DIRECTIONS = Everything in the listing below needs restating exactly, apart from the pictures.

INFORMATION SHOWN =
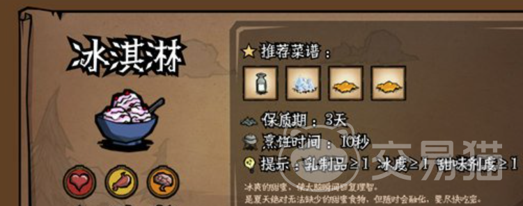 首先,大家需要掌握冰淇淋的配方。可以使用一份牛奶,加冰块以及两份糖,就能够制作出来,烹饪时间为10秒,但是需要在三天之内将它吃完,不然就会变质无法使用。
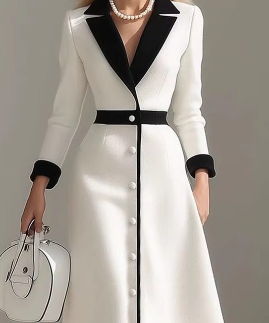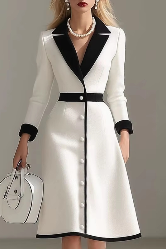 Victoria’s Vogue French Color Block Notched Collar Blazer Dresses Woman Button Decoration A-Line Office Dress Fall 3/4 Sleeve Elegant Party Dress
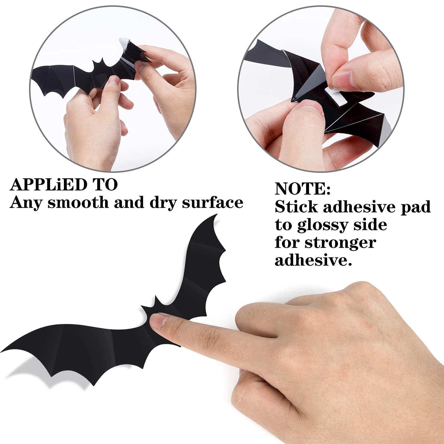 【広い使い範囲】3D立体こうもりステッカーハロウィン飾りとして自宅以外、お化け屋敷、店舗のインテリア、ハロウインパーティーに屋内の壁飾りに、部屋、窓、浴室、トイレ、冷蔵庫、キッチン、天井、ガラスなど、平らな場所なら場所を選ばず貼ることができます。気軽に式日の雰囲気を作れる。また学園祭、文化祭などのイベントで舞台や屋台の飾りとして魅力的に見せます。

TASK RESULT =
 首先,大家需要掌握冰淇淋的配方。可以使用一份牛奶,加冰块以及两份糖,就能够制作出来,烹饪时间为10秒,但是需要在三天之内将它吃完,不然就会变质无法使用。
 Victoria’s Vogue French Color Block Notched Collar Blazer Dresses Woman Button Decoration A-Line Office Dress Fall 3/4 Sleeve Elegant Party Dress
 【広い使い範囲】3D立体こうもりステッカーハロウィン飾りとして自宅以外、お化け屋敷、店舗のインテリア、ハロウインパーティーに屋内の壁飾りに、部屋、窓、浴室、トイレ、冷蔵庫、キッチン、天井、ガラスなど、平らな場所なら場所を選ばず貼ることができます。気軽に式日の雰囲気を作れる。また学園祭、文化祭などのイベントで舞台や屋台の飾りとして魅力的に見せます。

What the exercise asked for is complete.